Work to complete | Omit every picture. Return all other data as it stands.

Dataset extract |
↓↓↓

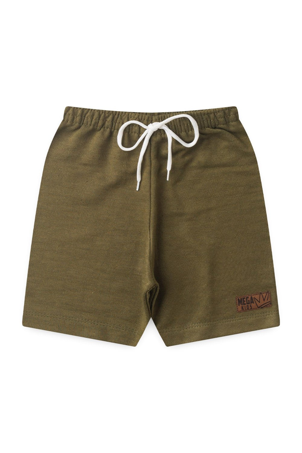 Bermuda em Moletinho na cor verde musgo, possui elástico no cós e aplique de cordão.
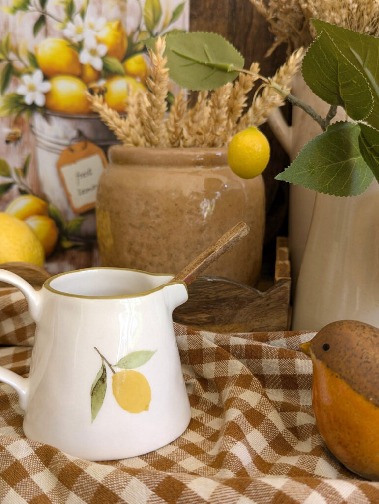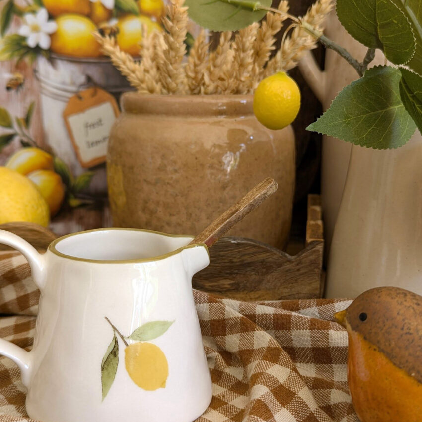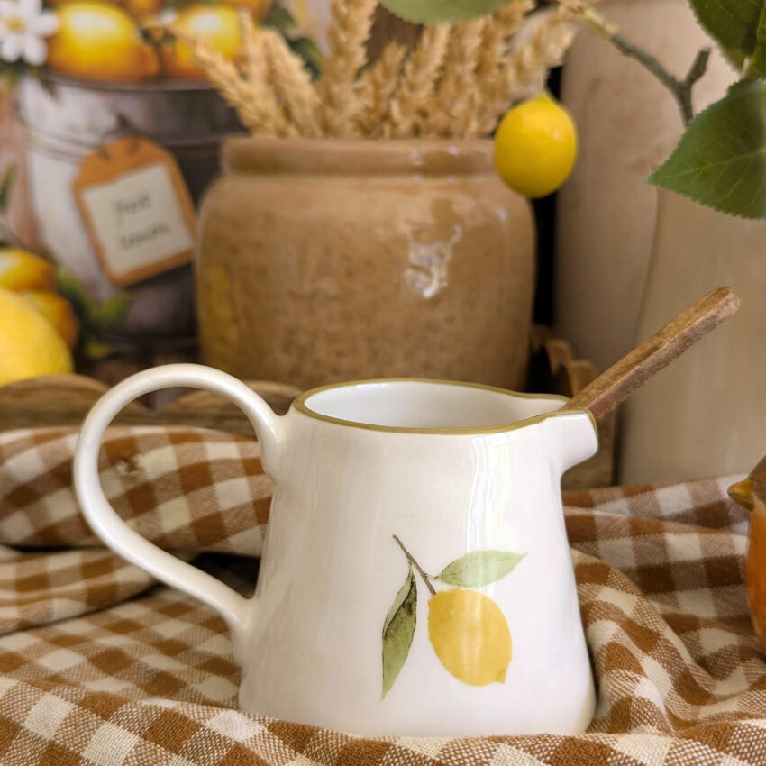 Apportez une touche de gaieté à vos repas avec ce mini pichet en céramique décoré d’un délicat motif citron🍋!
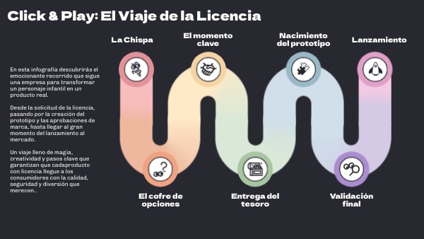 En esta infografía descubrirás el emocionante recorrido que sigue una empresa para transformar un personaje infantil en un producto real. Desde la solicitud de la licencia, pasando por la creación del prototipo y las aprobaciones de marca, hasta llegar al gran momento del lanzamiento al mercado. Un viaje lleno de magia, creatividad y pasos clave que garantizan que cadaproducto con licencia llegue a los consumidores con la calidad, seguridad y diversión que merecen..
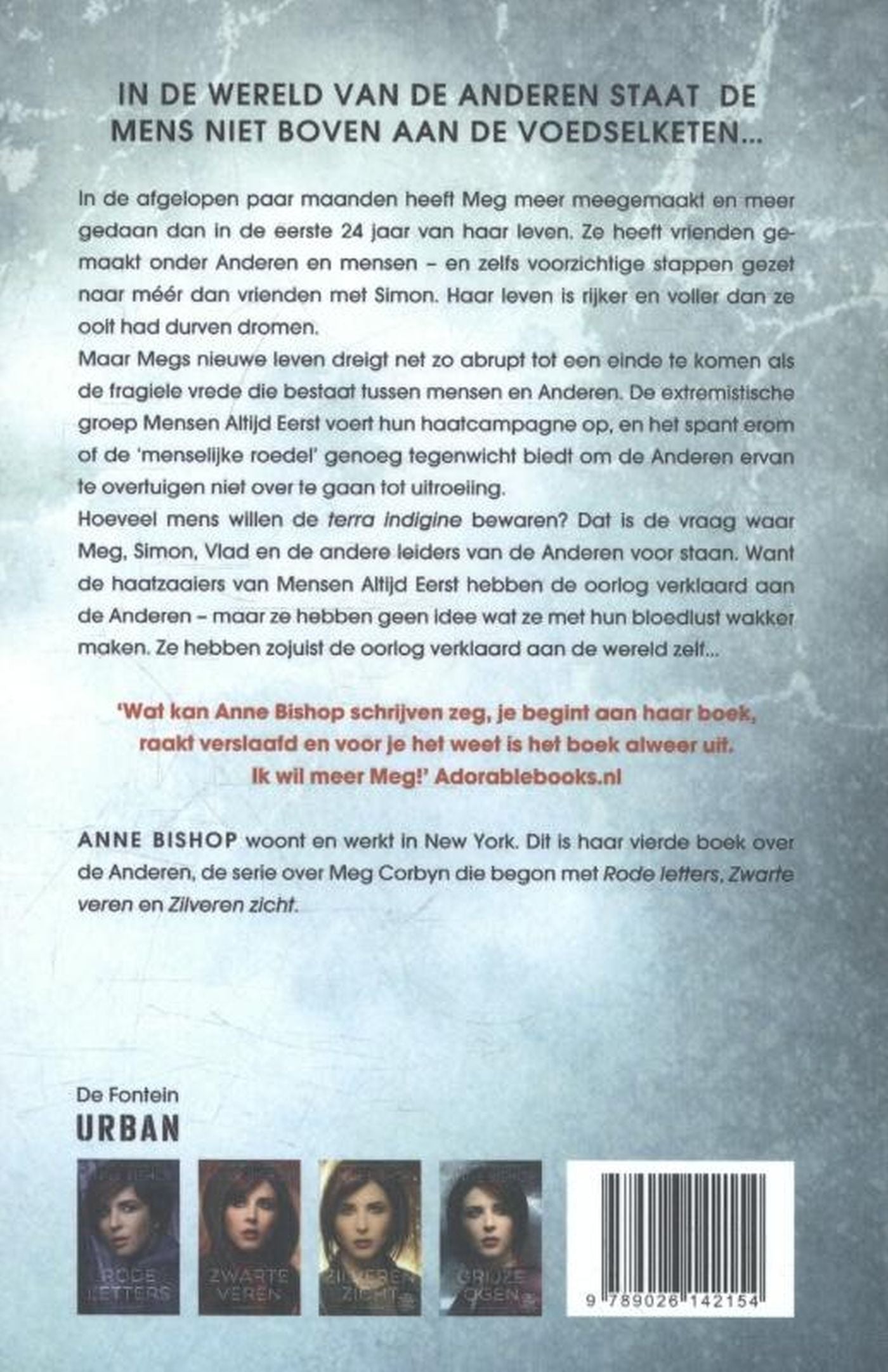 Hoeveel menselijkheid willen de terra indigine bewaren? Dat is de vraag waar Meg, Simon, Vlad en de andere leiders van het Stadspark voor staan. De haatzaaiers van Mensen Altijd Eerst verklaren de oorlog aan de Anderen – maar ze hebben geen idee wat ze met hun bloedlust wakker maken. Dit gevecht komt voor de Anderen neer op een simpele vraag: Hoeveel menselijkheid willen de terra indigine bewaren?

↑↑↑

Answer box |
 Bermuda em Moletinho na cor verde musgo, possui elástico no cós e aplique de cordão.
 Apportez une touche de gaieté à vos repas avec ce mini pichet en céramique décoré d’un délicat motif citron🍋!
 En esta infografía descubrirás el emocionante recorrido que sigue una empresa para transformar un personaje infantil en un producto real. Desde la solicitud de la licencia, pasando por la creación del prototipo y las aprobaciones de marca, hasta llegar al gran momento del lanzamiento al mercado. Un viaje lleno de magia, creatividad y pasos clave que garantizan que cadaproducto con licencia llegue a los consumidores con la calidad, seguridad y diversión que merecen..
 Hoeveel menselijkheid willen de terra indigine bewaren? Dat is de vraag waar Meg, Simon, Vlad en de andere leiders van het Stadspark voor staan. De haatzaaiers van Mensen Altijd Eerst verklaren de oorlog aan de Anderen – maar ze hebben geen idee wat ze met hun bloedlust wakker maken. Dit gevecht komt voor de Anderen neer op een simpele vraag: Hoeveel menselijkheid willen de terra indigine bewaren?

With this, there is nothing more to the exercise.